Aber: Der Abstand von 1,5 Meter zur nächsten Person muss auch hier eingehalten werden, was wiederum zu räumlichen Begrenzungen führt. Von der Abstandsregel ausgenommen sind Personen, die in häuslicher Gemeinschaft leben. Der Veranstalter muss laut Corona-Verordnung ein schriftliches Infektionsschutzkonzept erstellen.

„Die bisherige Quadratmeterregelung ist aufgehoben. Hochzeiten sind in Kirchen, Synagogen und Moscheen auf das unbedingt notwendige Maß an Teilnehmern zu beschränken“, ergänzt Christoph Neethen von der Pressestelle des Staatsministeriums Baden-Württemberg. Für Trauungen und andere kirchliche Veranstaltungen im Freien gelten die gleichen Regeln, hier kann mit bis zu 100 Personen gefeiert werden, wie Benedikt Reinhard vom Sozialministerium erklärt.

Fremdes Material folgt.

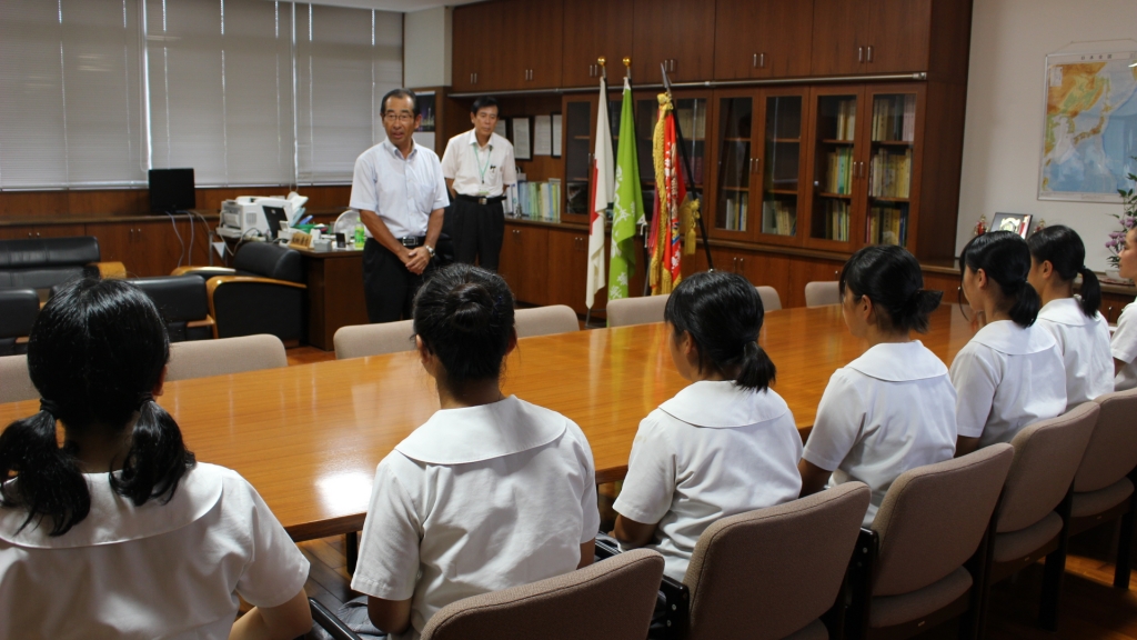 本日、真野同窓会会長をお迎えして、同窓会主催の全国大会激励会が催されました。インターハイに出場するカヌー部と、全国高等学校総合文化祭に参加する放送委員会に向けて、激励のエールをいただきました。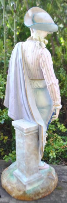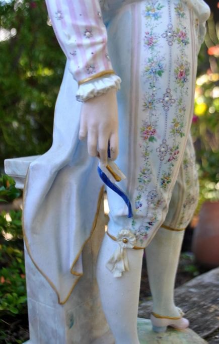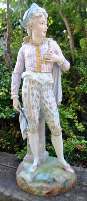 Stor bisquit figur af ung mand, 19. årh. Armand Marseilles, Tyskland. Koldbemalet porcelæn og med forgyldning. Stemplet. H: 55,5 cm.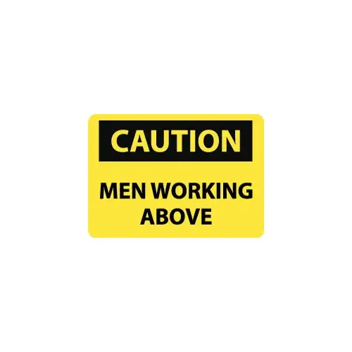 Sign: Rectangle, "Caution - Men Working Above" Plastic, Wall Mount, 10" High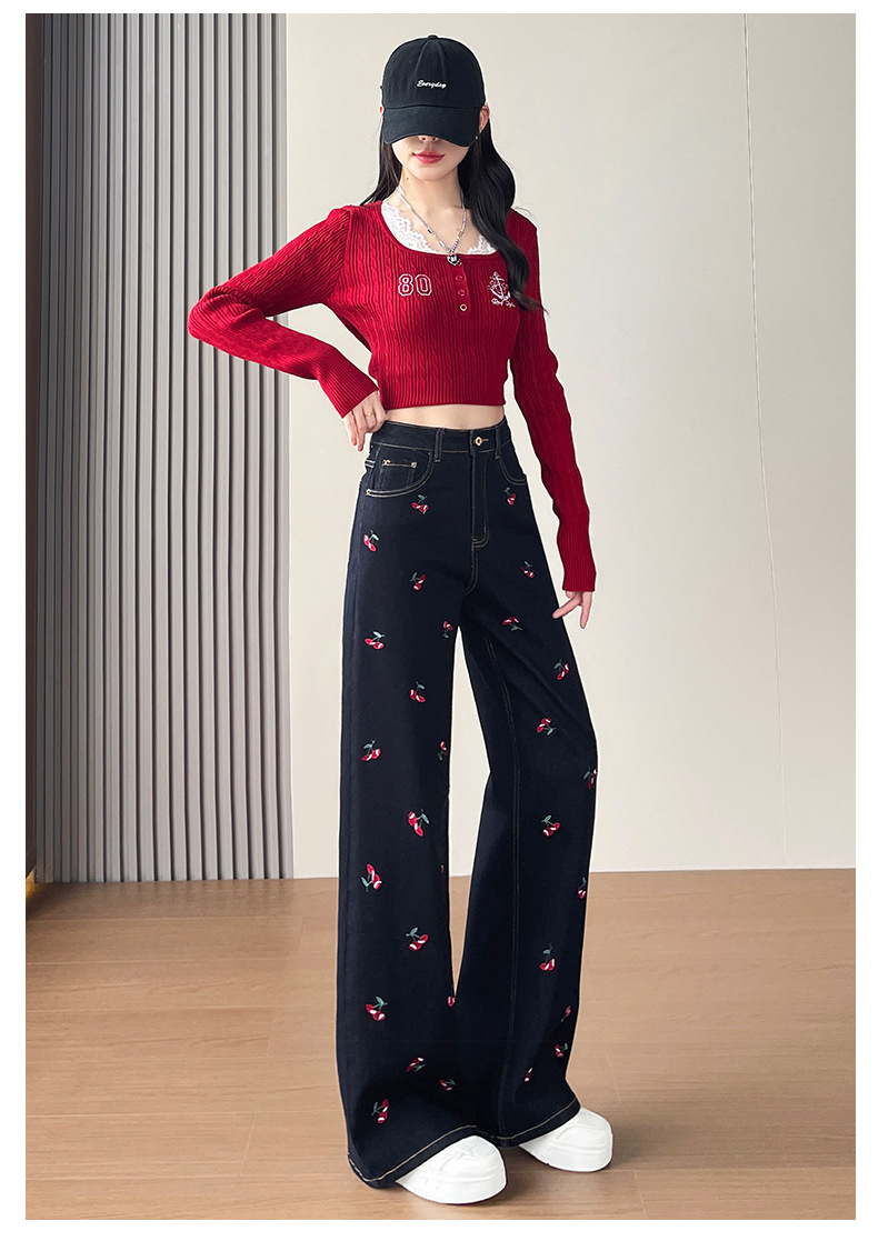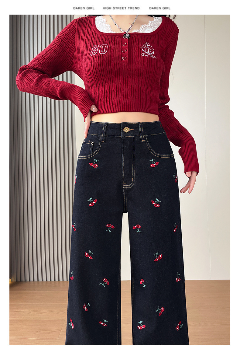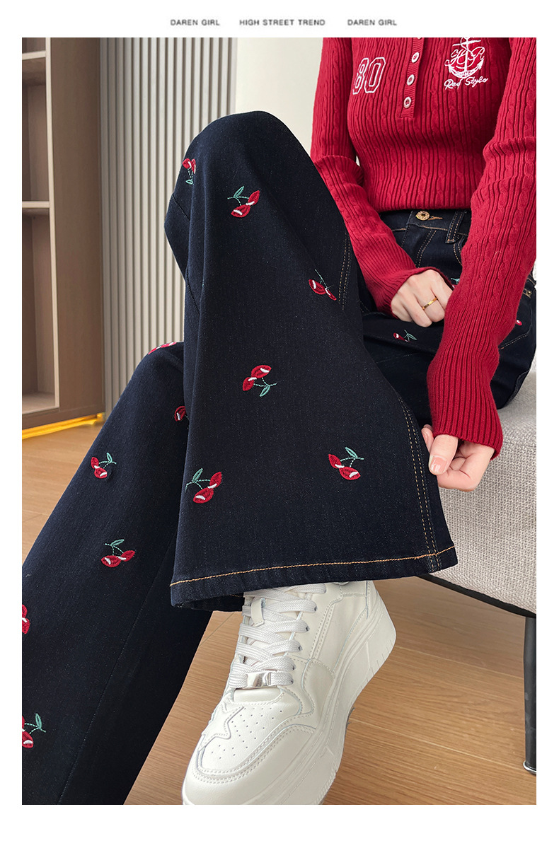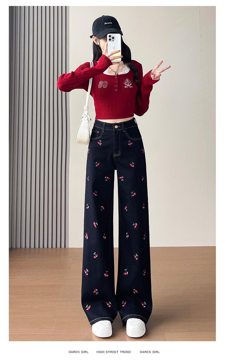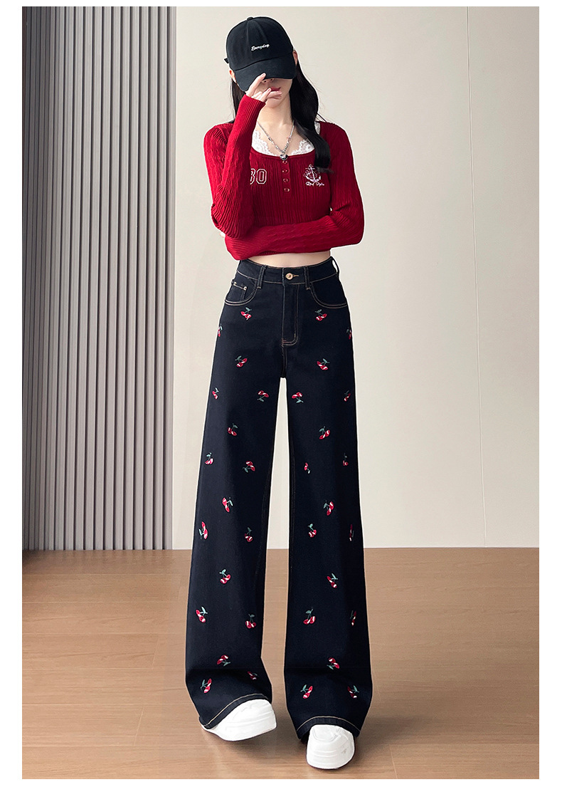 百媚生 刺绣阔腿牛仔裤女秋季高腰设计感樱桃绣花直筒裤子QYL-2237 商品图0

Was gilt für die anschließende Hochzeitsfeier?

Nach der Trauung möchte das Brautpaar natürlich gerne mit Freunden und Verwandten feiern. Doch ist das während der Corona-Pandemie überhaupt möglich? Was erlaubt die Corona-Verordnung? Dazu sagt Christoph Neethen von der Pressestelle des Staatsministeriums Baden-Württemberg auf Anfrage des SÜDKURIER: „Freiheit und Verantwortung müssen in unserer derzeitigen Situation einer guten Balance bleiben. Das bildete auch die Grundlage der Beschlüsse zu weiteren schrittweisen Öffnungen im Land, die gestern (am 26. Mai) im Kabinett gefasst wurden.“

Er erklärt die neuen Regelungen: „Etwa dürfen an privaten Veranstaltungen – wie zum Beispiel Hochzeiten – ab dem 1. Juni in geschlossenen Räumen bis zu zehn Personen teilnehmen.“ Bei einer Hochzeit oder Familienfeier im Freien gelten andere Regeln: „Wenn die Veranstaltung im Freien stattfindet, dürfen wegen der geringeren Infektionsgefahr an der frischen Luft maximal 20 Personen teilnehmen“, so Neethen. Im engsten Familienkreis darf die Hochzeit also gefeiert werden, ganz große Feste müssen auch weiterhin verschoben werden.

Die aktuellen Regelungen zu Veranstaltungen

Weitere Änderungen der Verordnung sind jederzeit möglich – die Ausgestaltung der Verordnung sei unter anderem Gegenstand weiterer Beratungen im Corona-Lenkungskreis, der am 27. Mai tagte, wie Neethen mitteilt.